Financier américain, proche de plusieurs élites politiques, économiques et médiatiques, Jeffrey Epstein s’est retrouvé au cœur d’un vaste scandale international de trafic sexuel impliquant des mineures. Déjà condamné en 2008 pour sollicitation de prostitution de mineure en Floride, il est arrêté de nouveau en 2019 par la justice fédérale américaine pour trafic sexuel, avant d’être retrouvé mort dans sa cellule à New York la même année. Son réseau présumé et les ramifications internationales de ses relations continuent, depuis, d’alimenter révélations et controverses.

M Sacré Abel, journaliste-éditorialiste. Photo: S.A
L’onde de choc provoquée par les divulgations successives autour de cette affaire se propage bien au-delà des frontières américaines. À mesure que la justice des États-Unis rend publics de nouveaux documents, des noms émergent, des connexions apparaissent et, avec elles, des interrogations légitimes. Parmi les personnalités citées figure Nina Keita, présentée par plusieurs médias comme une nièce du président ivoirien Alassane Ouattara.

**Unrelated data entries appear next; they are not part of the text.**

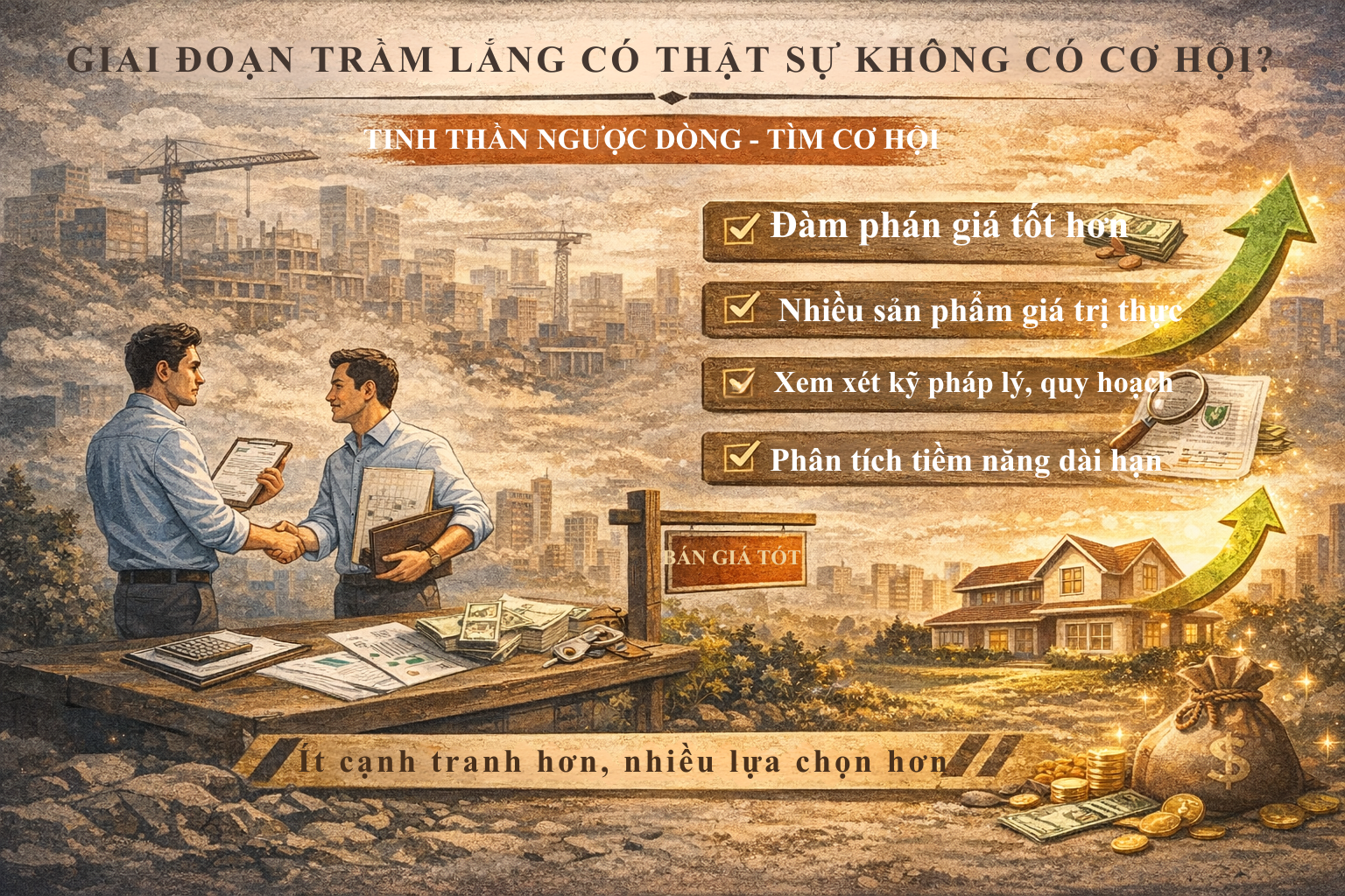 Vì vậy, thay vì nhìn nhận trầm lắng như một giai đoạn “ngủ đông” đầy rủi ro, nhiều nhà đầu tư chuyên nghiệp coi đây là bước đệm quan trọng cho chu kỳ tăng trưởng tiếp theo. Khi thị trường hồi phục, những tài sản được mua vào trong giai đoạn điều chỉnh thường mang lại biên độ lợi nhuận tốt hơn và mức độ an toàn cao hơn. Điều khác biệt không nằm ở thời điểm thị trường sôi động hay trầm lắng, mà ở cách mỗi nhà đầu tư chuẩn bị kiến thức, nguồn vốn và bản lĩnh để tận dụng cơ hội trong từng hoàn cảnh cụ thể.
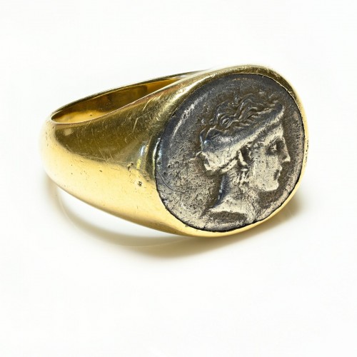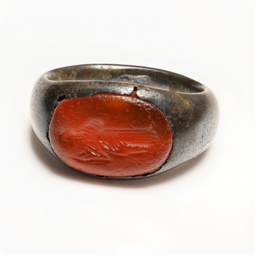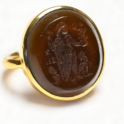 Ancient Roman Garnet Ring in High-Purity Gold, Circa 2nd–3rd Century CE
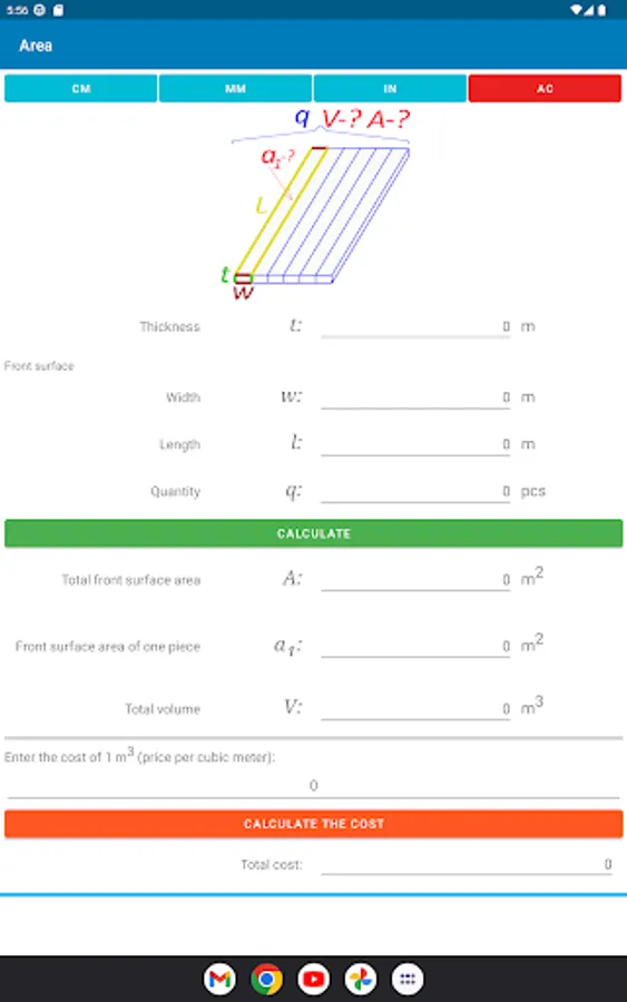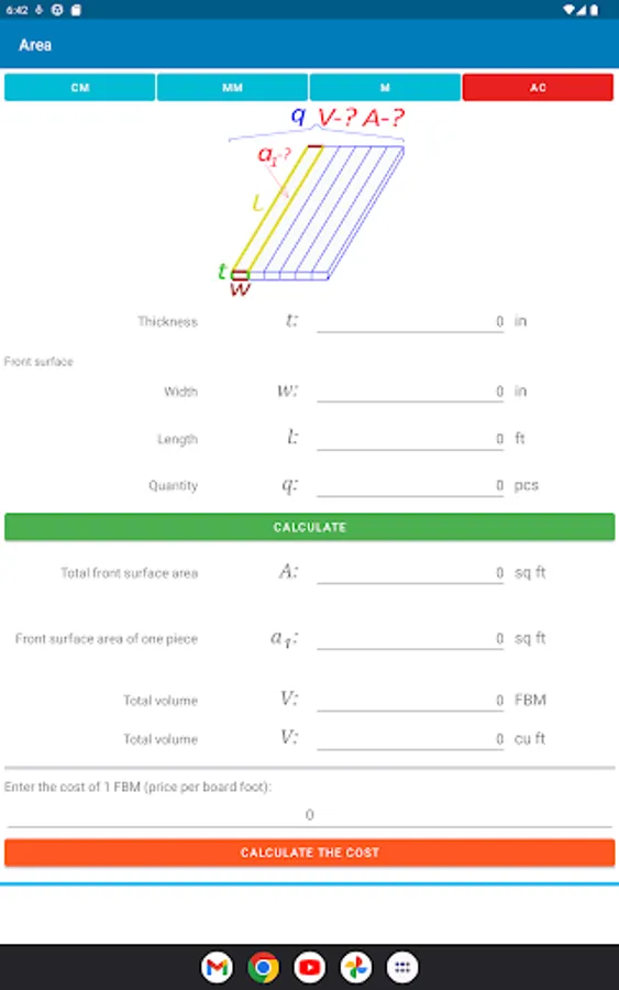 Lumber dimensions: millimeters (mm), centimeters (cm), meters (m), inches (in), feet (ft).
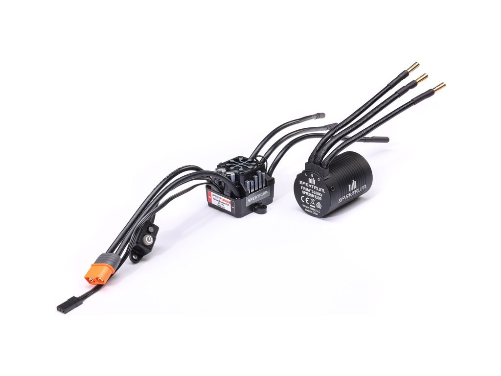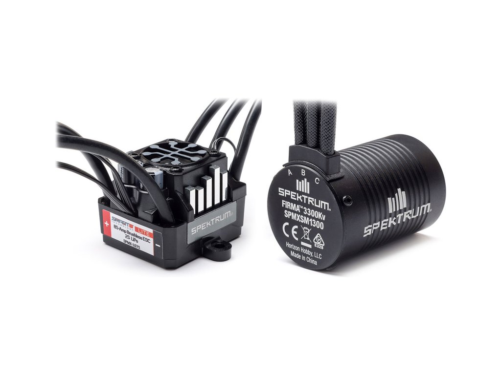 Kombo Spektrum motor střídavý Firma 3300ot/V s regulátorem Spektrum Firma 85A Smart Litem, vyvinuté speciálně pro závodní třídu RC modelů aut na oválu. Napájení 2S LiPo.
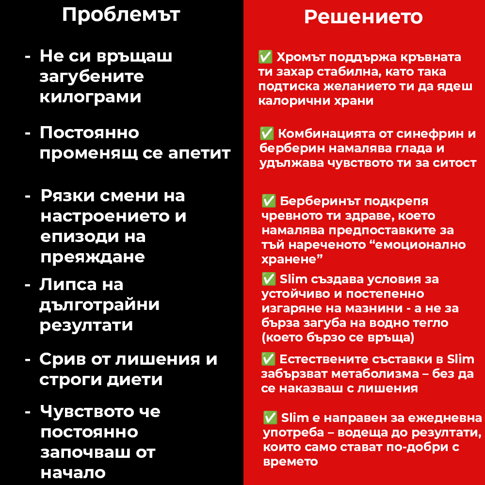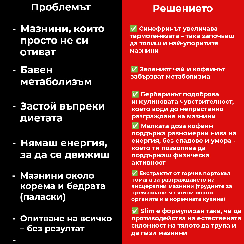 За разлика от много други продукти, Slim води до истински резултати, които ОСТАВАТ. Това е така защото разрешава 3 основни проблема при отслабването. (И затова хората го изкупуват на поразия.)
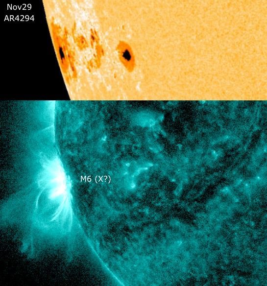 E' interessante che la regione sorta oggi, 4294, si trovi invece nell'emisfero Sud. Potrebbe quindi trattarsi dell'inizio di un periodo di attività notevole in entrambi gli emisferi. Dopotutto siamo ancora negli anni centrali del ciclo undecennale.
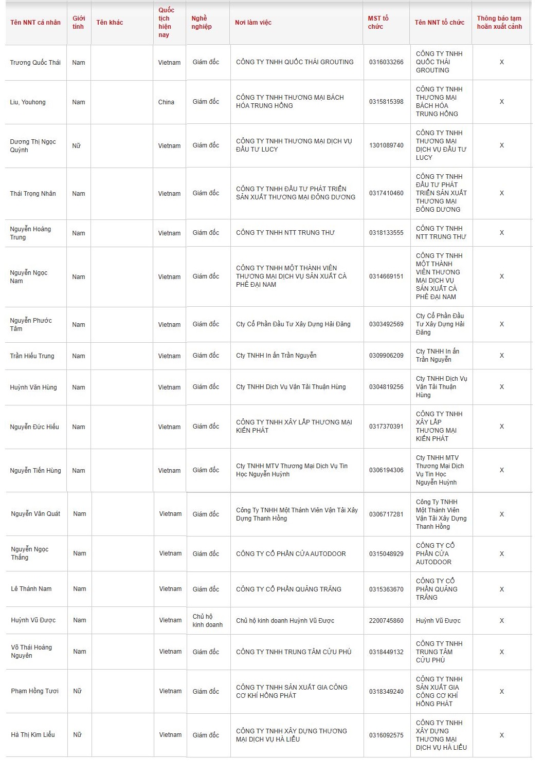 Danh sách người nộp thuế bị thông báo tạm hoãn xuất cảnh gồm:

Les archives judiciaires évoquent des échanges électroniques et des contacts qui auraient eu lieu entre 2011 et 2018. Il est question de rencontres à New York et à Abidjan, dans un cadre décrit comme lié à des discussions d’investissement. Certains documents mentionnent également un possible rôle d’intermédiation dans des dossiers à caractère économique et sécuritaire.
À ce stade, toutefois, aucun acte d’accusation ni aucune procédure judiciaire n’ont été annoncés, ni en Côte d’Ivoire ni aux États-Unis, concernant les interactions évoquées. Il est fondamental de rappeler qu’apparaître dans des documents judiciaires ne constitue pas, en soi, la preuve d’une infraction. La présomption d’innocence demeure un principe intangible de l’État de droit.
Pour autant, le contexte ne saurait être banalisé. Chaque nouvelle révélation ravive la suspicion et élargit le champ des responsabilités potentielles.
En Côte d’Ivoire, ces éléments alimentent inévitablement le débat public. Lorsque des proches présumés du pouvoir sont cités dans des dossiers d’une telle ampleur, l’exigence de transparence devient une nécessité politique autant qu’éthique. Le silence officiel, même juridiquement compréhensible, laisse place aux spéculations et fragilise la confiance.
Dans une démocratie moderne, la gestion des zones d’ombre est déterminante. Il ne s’agit ni de condamner sans preuve ni d’innocenter par principe. Il s’agit d’exiger que toute la lumière soit faite, avec rigueur et sérénité. Car au-delà des noms et des polémiques, c’est la crédibilité des institutions et la solidité de l’État de droit qui se jouent.